The Virtual Gel tab will appear above the sequence viewer when nucleotide documents containing fewer than 50 sequences or 1000 restriction sites are selected.
If a single sequence annotated with restriction enzyme sites is selected, the gel displays the fragments that would result from that restriction digest. If the restriction sites are all from a single enzyme, the digest pattern is shown in one lane of the gel. If multiple different restriction enzymes are annotated, the results of digestion with each enzyme will be shown in different lanes if Digest by single enzymes is checked. If this option is unchecked, the result will be shown as a multiple enzyme digest in a single lane (see Figure 5.8 ).
If multiple sequence documents containing restriction sites are selected (either by bulk-selecting individual sequence documents, or selecting a sequence list), digests for each sequence are shown in separate lanes on the gel (a maximum of 50 sequences can be shown).

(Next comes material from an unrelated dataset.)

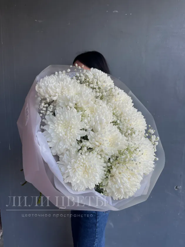 Монобукет из белых хризантем с гипсофилой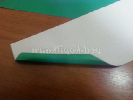 6. Смужку зеленого листа скручуємо трубочкою взявши за край паперу

The fragment sizes of all bands shown on the gel can be viewed in the Fragments table or by clicking Show/Export Fragments table. This table is only available for sequences with annotated restriction sites.
For sequences which do not have annotated restriction sites, these will be shown in individual lanes on the gel if the sequences are in separate documents, or in one lane of the gel if the sequences are contained in a list (for example the results of the Digest into Fragments operation).
By default, sequences will appear on the gel in the order they are displayed in the document table or sequence list. To change the order of display, simply drag and drop the sequences on the gel to the desired position.
Note that if uncut circular DNA is selected (for example a plasmid sequence with no restriction sites), the band on the gel will show the size of the linear fragment, rather than the supercoiled DNA size. Depending on the size of your DNA and the buffer you use, uncut circular DNA may migrate differently to linear DNA.